Sunday, March 02, 2008

Selamat Jalan, Kaset dan Mantan Presiden
---Anwar Holid


Pada hari Senin, 28 Januari 2008 ketika semua koran dan televisi menyatakan selamat jalan kepada pak Harto, aku mengucapkan selamat jalan kepada 36 kaset favorit yang aku jual ke toko musik second. Honor-honor yang aku nanti datang dari beberapa pihak ternyata belum ngalir juga, sementara kami sekeluarga sudah kehabisan beras, harus beli sayur mayur, dan bayar pembantu setiap Senin. Di antara koleksi itu ialah sejumlah album Peter Gabriel, Pink Floyd, Joe Satriani, The Cult, Steve Vai, Counting Crows, Matchbox Twenty, Fates Warning, Lokua Kanza, dan album musik klasik: Wagner, Sibelius, dan lagu-lagu adagio aransemen Herbert von Karajan. Uang yang aku dapat memang di bawah harapan (sudah aku duga sejak awal), tapi alhamdulillah setidaknya aku bisa beli beras, biskuit, dan di hari-hari ke depan kami bisa makan dengan pantas.

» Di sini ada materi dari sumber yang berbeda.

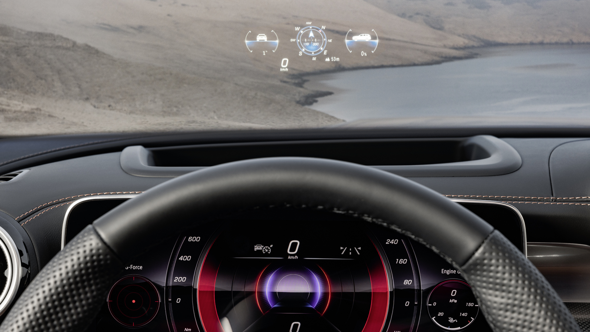 Das vielfältig anpassbare Cockpit, das volldigital anzeigt, misst 12,3 Zoll in der Bildschirmdiagonale und der leicht zum Fahrerplatz geneigte Mittelbildschirm 11,9 Zoll. Das über diesen gesteuerte MBUX Infotainment der neuesten Generation gefällt mit großen Bedienfeldern und wohl aufgeräumter Bedienstruktur. Wer Direkttasten unterhalb des Bildschirms sucht, findet keine. Nicht so schlimm.

Aku beli koran murah (Rp.1.000,-), Tribun Jabar, untuk mendapat informasi tentang kematian pak Harto. Tertulis headline: The End: 13.10 WIB. Aku membatin, ingat ungkapan sebuah lagu The Doors: This the end, my only friend. The end. Aku rasanya juga ingat sebuah lagu tentang perpisahan, tapi entah apa itu. Atau sebenarnya aku hendak bilang begini: Good bye Mr. Former President and my cassettes---sambil teringat sebuah judul cerpen Gabriel García Márquez. Kematian pak Harto hanya berdampak dua hal saja buatku, yaitu (1) berhasil membuat aku beli koran, dan (2) bisa menggerakkan aku menulis esai. Kematian pak Harto kalah menghenyakkan dibandingkan berita kematian Freddie Mercury yang dulu aku dengar via TVRI malam-malam. Ini menyiratkan betapa aku memang boleh dibilang bersih dari pengaruh maupun ketertarikan terhadap negara, presiden, dan politik.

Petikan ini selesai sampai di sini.